He’d never realized… all the thought that he’d given her fall, that he’d tried not to give Faith herself, for these past years and he’d never realized what it must mean to be both a murderer and a Slayer. To lose track of where the mission ended and the depravity began. To know you needed the detachment, the brutality, the sheer strength and force of will… and to be desperate not to lose yourself within it all. All this time… for all he’d hated her, feared her, she’d hated and feared herself more.
The sudden understanding, the pain of the realization, broke something within him, something hard and brittle that had held him aloof from her since he’d first seen her in Sunnydale, when she had been little more than a frightened, blustering child. He did want to fix her, although he knew that he couldn’t; giving her what she was pleading for, letting her escape it all for a moment, didn’t seem enough, but it was what he could give.

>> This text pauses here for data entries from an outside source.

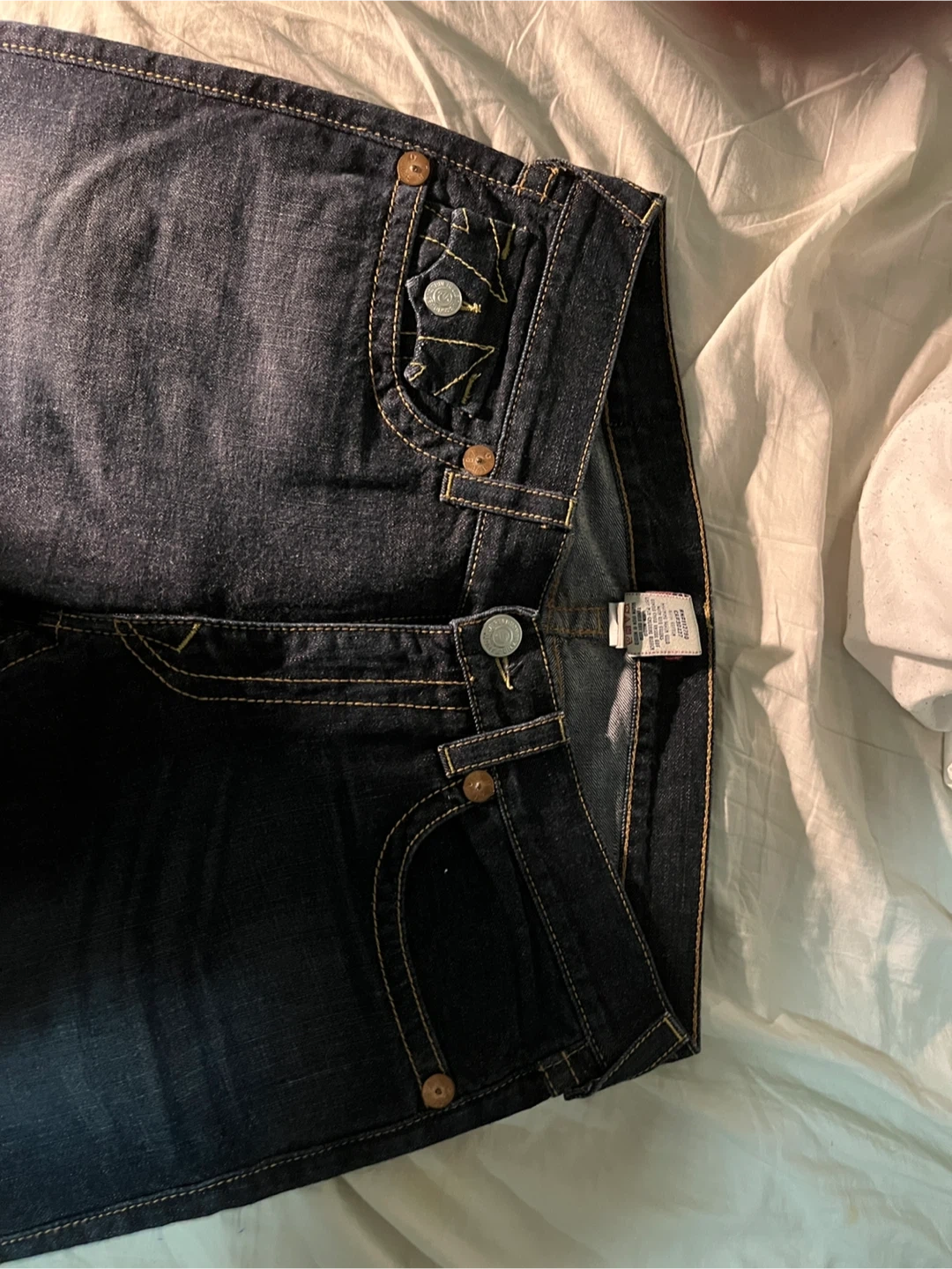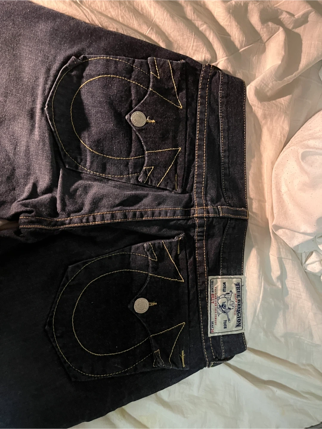 True Religion Billy jeans in a size 34. These are dark wash denim with yellow stitching detail. They feature the iconic Buddha logo on the back pocket.
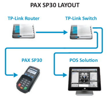 If an Ethernet cable is not in place to be directly plugged into the PAX device, a switch can be used in unison with an installed POS terminal (see below):
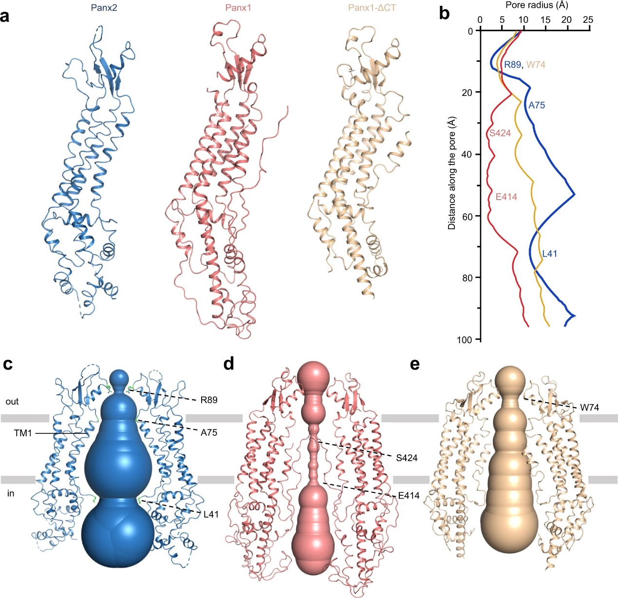 图3.R89门控Panx2通道蛋白。
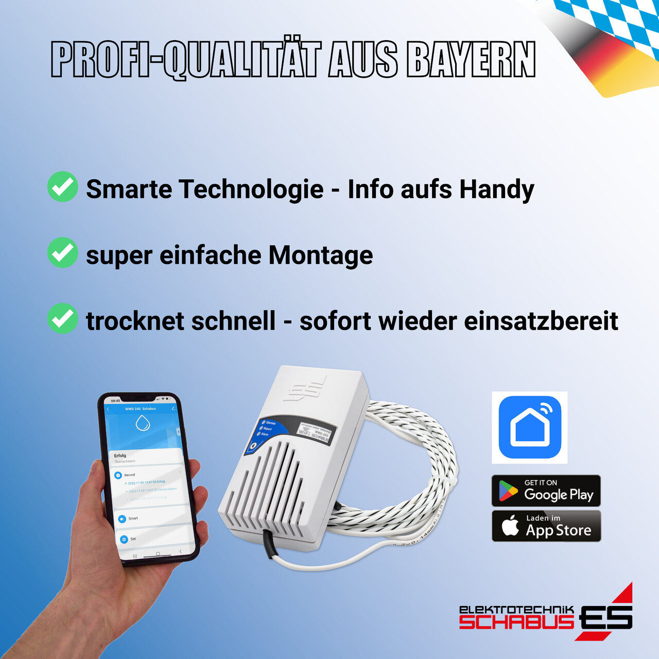 Der Steckdosen-Wassermelder WWD 450 ist die zuverlässige Lösung: Sein Sensorkabel erkennt bereits dünne Wasserfilme oder Pfützen auf dem Boden. Sobald Wasser detektiert wird, löst das Gerät einen lauten akustischen Alarm aus, die LED blinkt rot, und zusätzlich erhalten Sie eine Push-Benachrichtigung auf Ihr Smartphone.
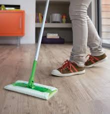 You’ll first need something to get up the loose dust, dirt and debris. A soft broom and dustpan can be used. You might prefer to vacuum the floor. If so, use a lightweight vacuum that does not have a rotating bristle bar or one with a “hard floor” mode that does not engage the bar.A slightly-damp mop can be used to remove remaining debris. If excess water remains on the floor after cleaning, use a towel to dry it.

Meeting her eyes, he whispered, “I know that you’re more, Faith,” as he claimed her mouth and surged into her, slow steady strokes replacing the punishing ones of moments before, newly gentle hands finger-combing long tresses and caressing bruised flesh before moving to cup full breasts. His mouth trailed down her neck, still hungry but no longer ravenous, soft nips and licks urging pleading whimpers from her throat. Whoever, whatever she wanted to be, he wanted her to feel appreciated, considered—he wanted her to feel that she mattered as more than a Slayer, a killer, an implement of one power or another. He wanted to see her, and to let her know that he saw her, as a woman—no more, no less.
“Please…” she begged, hands in his hair, holding him to her.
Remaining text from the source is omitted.